First of all I'm new to working with binaries and hope this is not a stupid question.
I have generated tables with sequences of instructions from the .text section of a binary. A table with 2-instruction sequences looks like that:
sequence | total | relative
------------------------------------
e3a0b000e3a0e000 | 2437 | 0.0469
...
The sequences were extracted using IDAPython with the generated text files looking like that:
9c54 SUBROUTINE
9c54 e3a0b000 MOV R11, #0
9c58 e3a0e000 MOV LR, #0
...
UPDATED
Now I'm using the Aho-Corasick algorithm to match these sequences in the same binary from which I extracted them. I just add all sequences from the table to the Aho automaton:
import binascii
import ahocorasick
from connect_db import DB
from get_metadata import get_meta
a = ahocorasick.Automaton()
meta = get_meta()
with DB('test.db') as db:
for idx, key in enumerate(list(db.select_query(meta['select_queries']['select_all'].format('sequence_two')))):
a.add_word(key[0], (idx, key[0]))
a.make_automaton()
with open('../test/test_binary', 'rb') as f:
for sub in a.iter(f.read().hex()):
print('file offset: %s; length: %d; sequence: %s' % (hex(sub[0]), len(sub[1][1]), sub[1][1]))

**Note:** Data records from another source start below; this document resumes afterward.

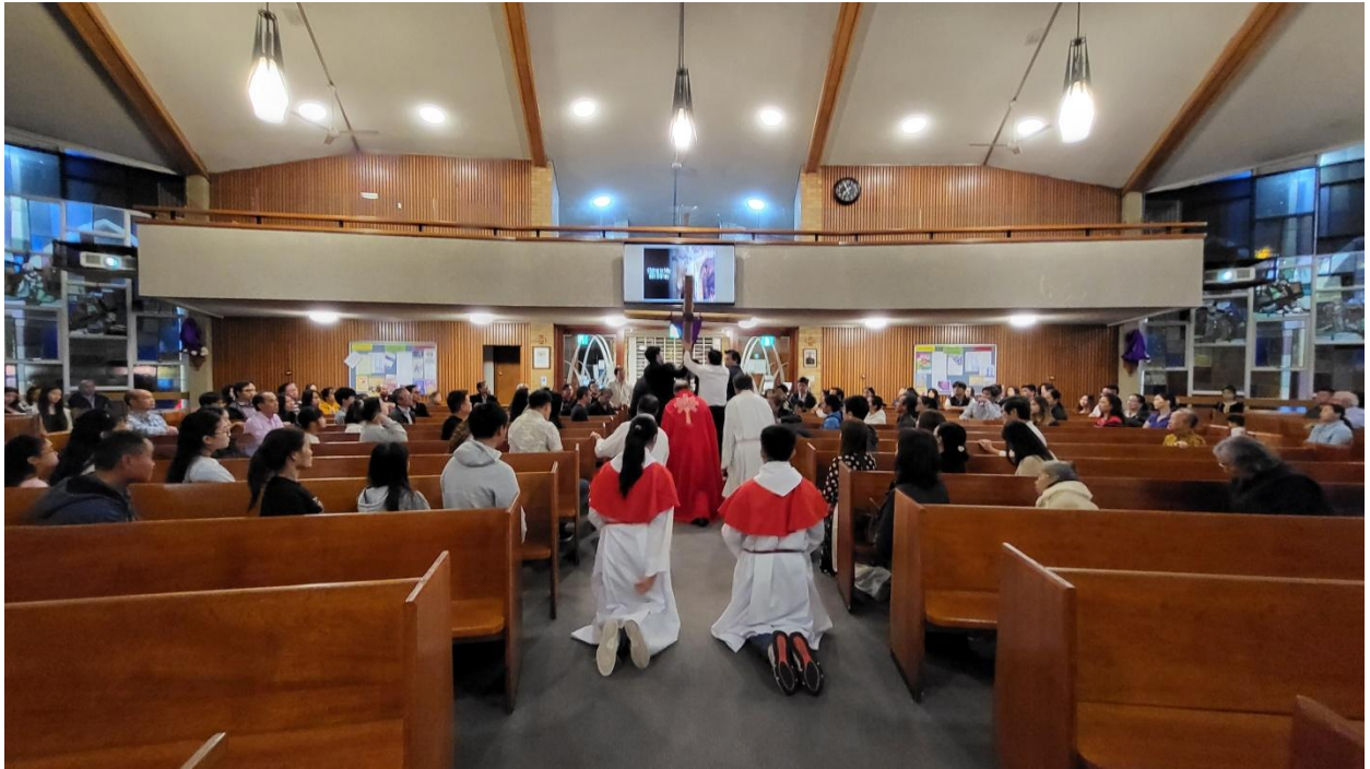
Thập Giá được nâng cao ở lần thứ nhất, tất cả mọi người quỳ xuống để thờ lạy Thánh Giá. (ĐN)
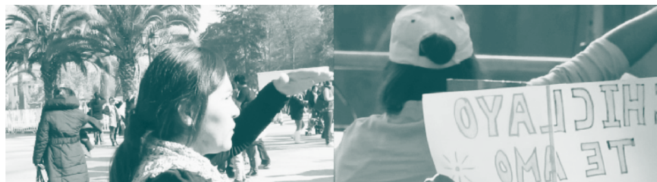
Figura 1. Montaje visual como forma de articular y confrontar imágenes de mensajes contrapuestos y la distancia que establece la protagonista respecto a la fiesta.
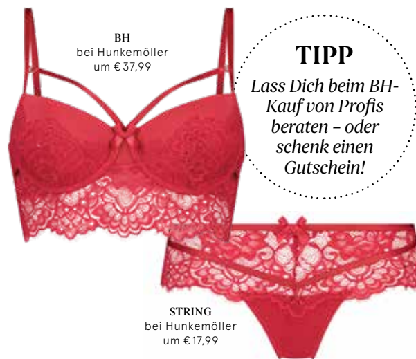
STRING bei Hunkemöller um € 17,99

TIPP Lass Dich beim BH-Kauf von Profis beraten – oder schenk einen Gutschein!
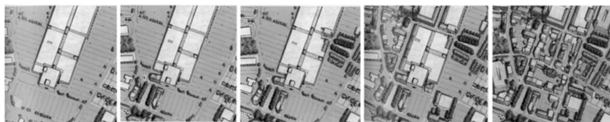
شکل ۴. روند تدریجی بارگذاری توسعه میان افزا
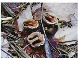
リスの食べ跡オニグルミ
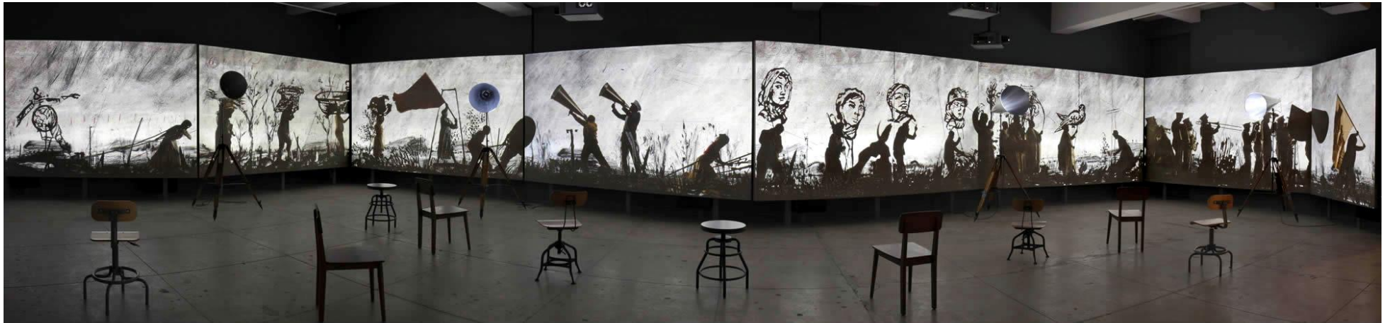
William KENTRIDGE, More Sweetly Play the Dance (Jouer la danse plus doucement) , 2015, dimensions variables, installation vidéo 8 canaux haute définition, 15 min, avec 4 porte-voix. Musée des beaux-arts du Canada, Ottawa, Canada. Vue d'installation à la galerie Marian Goodman, New York, 2016, États-Unis.
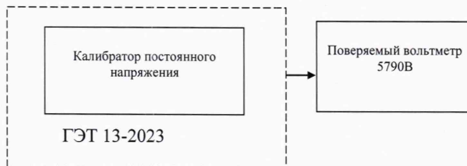
Рисунок 3 - Схема соединения приборов при определении основной погрешности вольтметра в режиме измерений постоянного электрического напряжения

9.2.1 Передачу единицы постоянного напряжения от государственного первичного эталона, применяемого при поверке, выполняют методом непосредственного сличения поверяемого вольтметра с государственным первичным эталоном, с помощью калибратора постоянного напряжения. Соберите схему соединения приборов в соответствии с рисунком 3. Определение основной погрешности вольтметра в режиме измерений постоянного электрического напряжения проводится во всех точках, указанных в таблице 4.
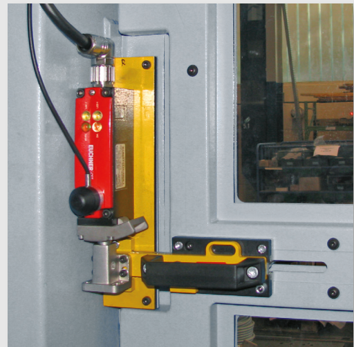
Sécurisation d'une porte battante

EUCHNER GmbH + Co. KG Kohlhammerstraße 16 D-70771 Leinfelden-Echterdingen Allemagne
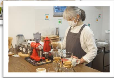
幅広い年代の方が学生として 在籍・卒業しています。
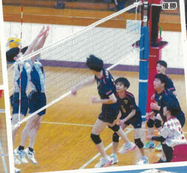
男子バレーボール部 優勝
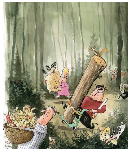
Wir sammeln und pflücken mit Mass

Then I get the following outout:
file offset: 0x38b7; length: 16; sequence: e3a0b000e3a0e000
...
My problem is that Aho-Corasick returns 0x38b7 and I used ghex in Ubuntu to look into the binary again and found the two instructions at the expected offset:
offset: bytes:
00001C54 E3A0B000 E3A0E000 ...
Meaning I should find them in the range of 0x1c54 - 0x1c5c which is the raw offset (0x9c54 - 0x8000)

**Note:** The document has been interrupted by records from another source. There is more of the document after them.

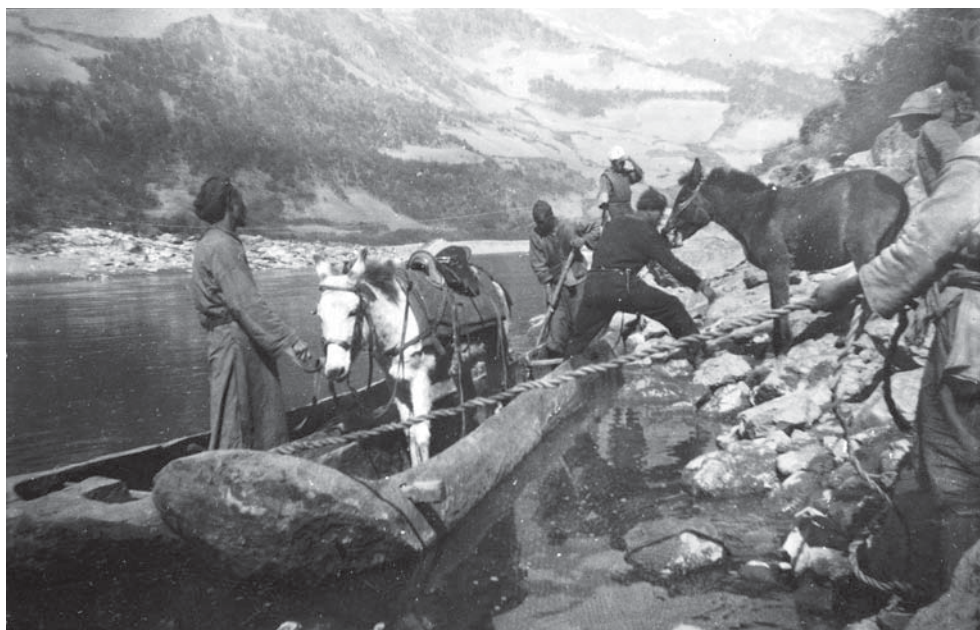
Fotografia nro 16: Canoa per l'attraversamento dei fiumi
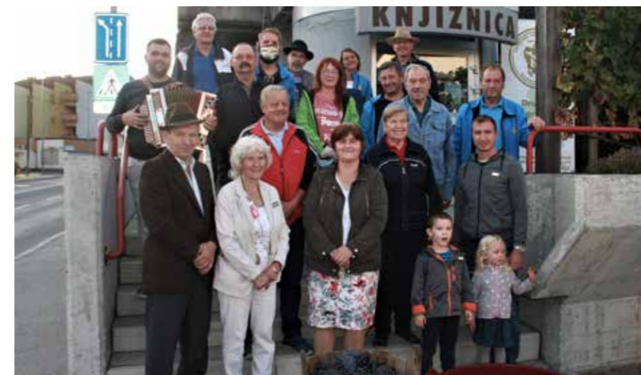
Petnajst vinogradnikov je oddalo grozdje svojih potomk v skupno vinsko banko za županovo vino Šmarško kavčino.
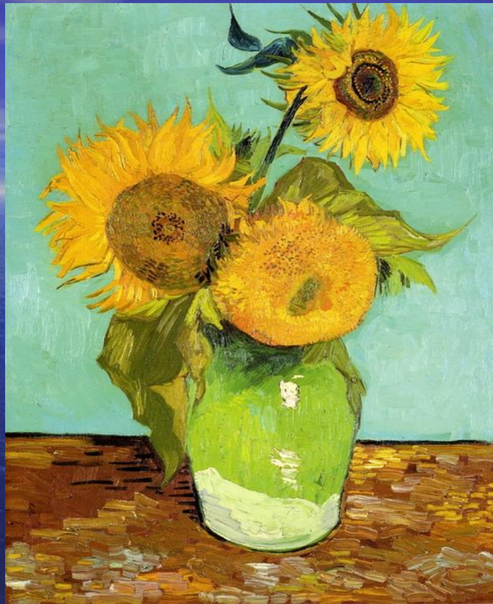
Три подсолнуха в вазе. Арль, август 1888. Холст, масло, 73x58. Частное собрание, США

Ван Гог живет на юге Франции, в Арле, где все приводит его в восторг: неистовое солнце, яркие краски, новое жилище, которое художник называет «желтым домиком» и о котором пишет Тео: «Снаружи дом выкрашен в желтый цвет, внутри выбелен, много солнца».
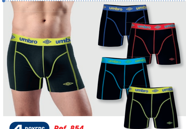
4 BOXERS 20€ Ref. 854 Boxers Umbro Composition : 95% coton - 5% élasthanne 4 tailles : T3 (M) - T4 (L) - T5 (XL) - T6 (XXL)
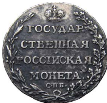
увеличено в 2 раза
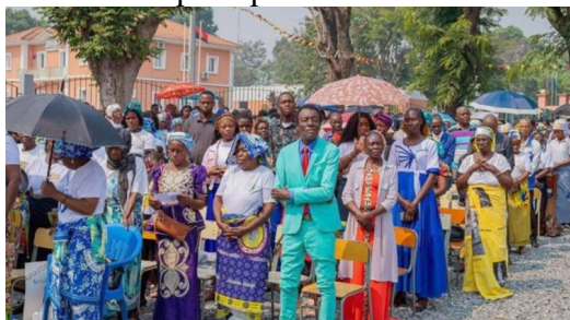
Milhares de fiéis na celebração do jubileu de ouro da diocese de Saurimo
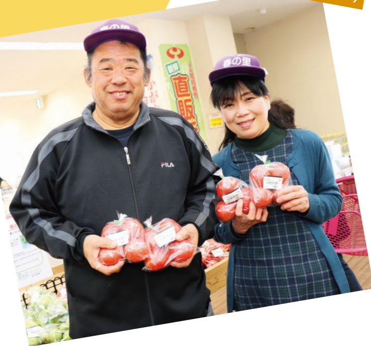
直販所「春の里」より
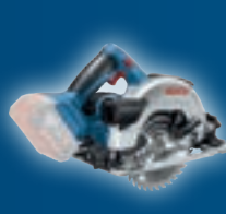
GKS 18V-57 06016A2200
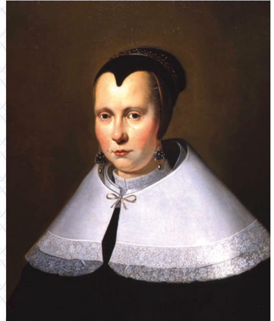
Anonyme, école hollandaise Portrait de femme à la collerette, 1643 Huile sur toile, 70.5 x 55 cm
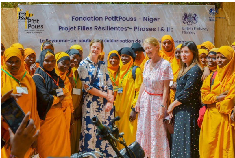
Bezoek van de Engelse ambassadeur (in roze jurk)

Januari 2023 was de officiële lancering van de samenwerking met het Verenigd Koninkrijk. In de officiële versie: Het doel van het project "Filles résilientes+" is "bij te dragen aan de continuïteit van het onderwijs en de professionele integratie van veertig (40) meisjes/vrouwen die vroegtijdig school hebben verlaten en in een precaire situatie verkeren in de wijken Talladjé, Koira tégui, Harobanda en Dan zama". Ook financieel zijn beide samenwerkingen interessant. De Fransen hebben 16.000 euro gedoneerd op voorwaarde van cofinanciering van 7000 euro (niet via SWEF, maar direct aan de lokale stichting). Dit hebben we kunnen bekostigen uit de lopende financieringen. De Engelse ambassade doneerde 20.000 euro voor het opzetten van het vervolgtraject, het zorgen voor beroepsopleidingen. Echter is het beleid van de Engelsen over te gaan tot betaling aan het einde van het project. Dit heeft geleid tot extra financiële input van SWEF aan de Fondation PetitPouss Niger.
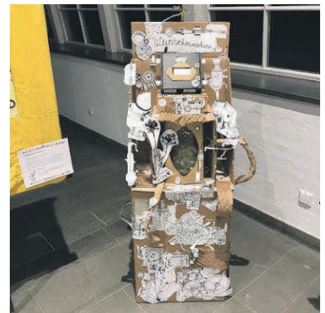
Text und Bilder: K. Zefert
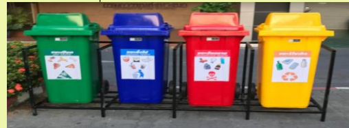
ภาพประกอบตัวอย่าง

ลดจุดทิ้งขยะเหลือจำนวน 6 จุด จุดละ 3 ถัง ในการลดจุดทิ้งขยะจะมีการดำเนินการจัดเก็บข้อมูลขยะปริมาณการล้นของขยะ เพื่อหาแนวทางปรับปรุงต่อไป
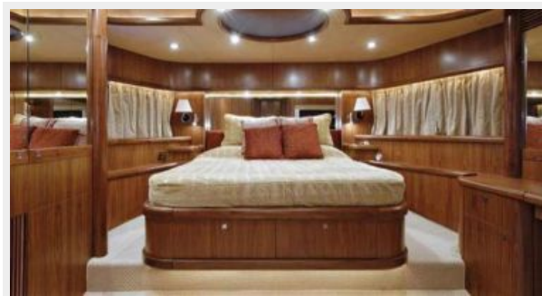
PHOEBE TRES cabin
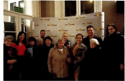
Projekty wolontariackie pracowników Banku, 2017

Fundacja BGŻ BNP Paribas odpowiada również za organizację corocznych akcji społecznych angażujących pracowników Banku BGŻ BNP Paribas:
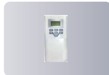
Эргономичный беспроводной пульт ДУ

В воздушно-тепловых завесах Dantex DMN применяется инновационный керамический ПТС нагреватель, в котором предусмотрены две ступени защиты от перегрева. Двигатель повышенной мощности позволяет обеспечить необходимую скорость выхода воздушного потока.
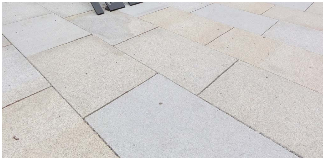
Žulová dlažba – formát 40x60, smrkovaná

prvku. Žulová dlažba – formát 40 x 60 cm, smrkovaná, protiskluznost R11, světle šedá - béžová, bude vzorkováno, spárořez viz. výkres D.1.1.b)2, pokládka viz. skladba D.1.1.b)601. Žulová dlažba formát 40 x 60 cm smrkovaná viz foto.
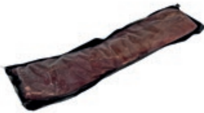
CEC110 LOMBO DI CERVO S/O CONG
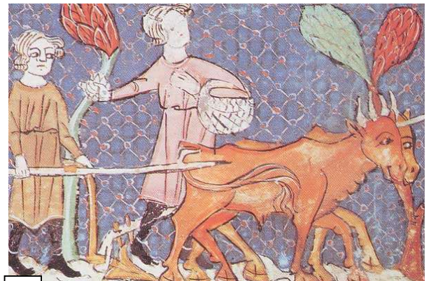
4 L'ancêtre de la charrue : l'araire Miniature, Bibliothèque royale d'Espagne, XII e siècle.
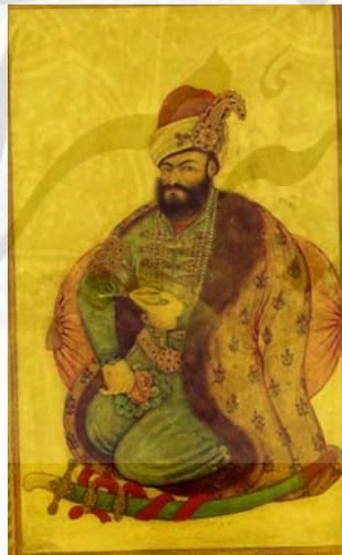
کریم خان زند، موزه ملک، رقم محمدحسن افشار.

I have not really understood yet how I get to the same offset but I'd like to get the raw offset using Aho-Corasick. I know that Aho-Corasick returns the offset of the end of the key word.

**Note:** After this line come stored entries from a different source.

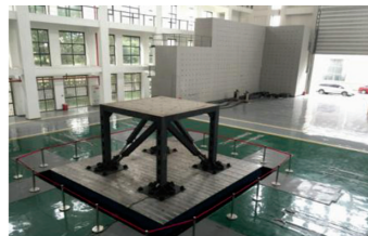
多功能地震模拟试验系统

按照该规划方案,实验室在2013—2018年建成了多功能地震模拟试验系统和山地岩土工程综合试验系统(图1),配套建设振动台实验楼、岩土实验楼等实验场地3800m 2 ,显著提升了实验室开展山地岩土工程和山地土木工程防灾减灾领域重大基础研究的能力。
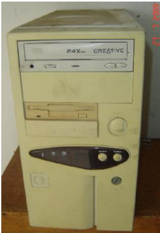
Lote 97 - CPU (CREATIVE)
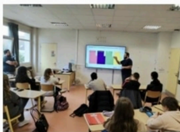
Intervention de l'Association des Berger d'Île de France et de Interbev - Filière viande
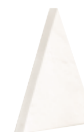
ANGULOS RECTOS STRAIGHT EDGES
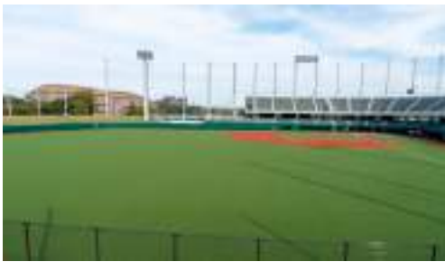
(イメージ) 多目的運動場による新しいまちづくりを！

【議員】定まった段階で、程度を定めていくものと認識している。 【議員】スタジアム構想によって、年間を通してイベント開催により、安定した交流人口も見込まれる。スタジアム構想をシティプロモーションの題材にしてはどうか。 【市長】指導者として、市全体をまとめ、関係部署と協力しながら考えていきたい。
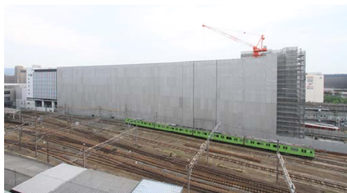
「ホテル近鉄京都駅」建設中写真（北面より） （平成23年5月9日撮影）
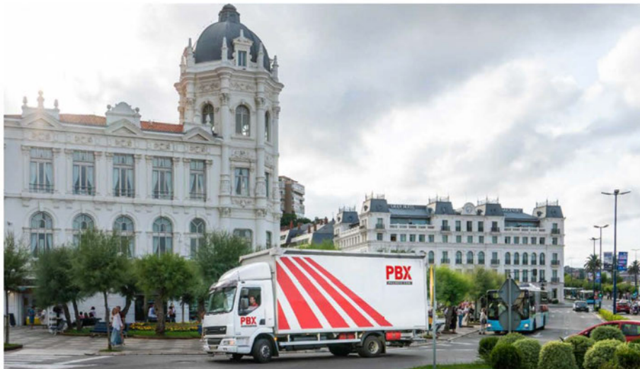
La incorporación a Palibex permitirá a la empresa cántabra ampliar su cobertura y especializarse en paletería exprés.

Con una flota de 65 camiones y un equipo formado por 78 personas, Transportes Victoriano Saiz Echevarría e Hijos dispone de oficinas principales en Villanueva de Villaescusa y un almacén de 2.000 m 2 situado estratégicamente en Argomilla de Cayón.
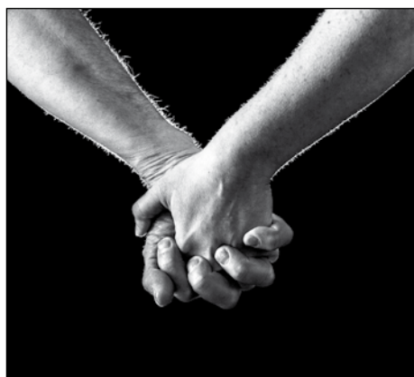
Premio Speciale Massimo Robiglio

I was able to fix the problem when I figured out that converting the bytes to hex ascii, the characters would take more memory. I had to half the returned offset from Aho-Corasick to get the real raw offset:
BEFORE
with open('../test/test_binary', 'rb') as f:
for sub in a.iter(f.read().hex()):
print('file offset: %s; length: %d; sequence: %s' % (hex(sub[0]), len(sub[1][1]), sub[1][1]))
AFTER
with open('../test/test_binary', 'rb') as f:
for sub in a.iter(f.read().hex()):
print('file offset: %s; length: %d; sequence: %s' % (hex(int(sub[0] / 2)), len(sub[1][1]), sub[1][1]))
The new output is almost as expected:
file offset: 0x1c5b; length: 16; sequence: e3a0b000e3a0e000
NOTE
When dividing the offset by 2, it turns the integer into a float. I have to keep in mind that converting the float back into an integer, will round the value up or down.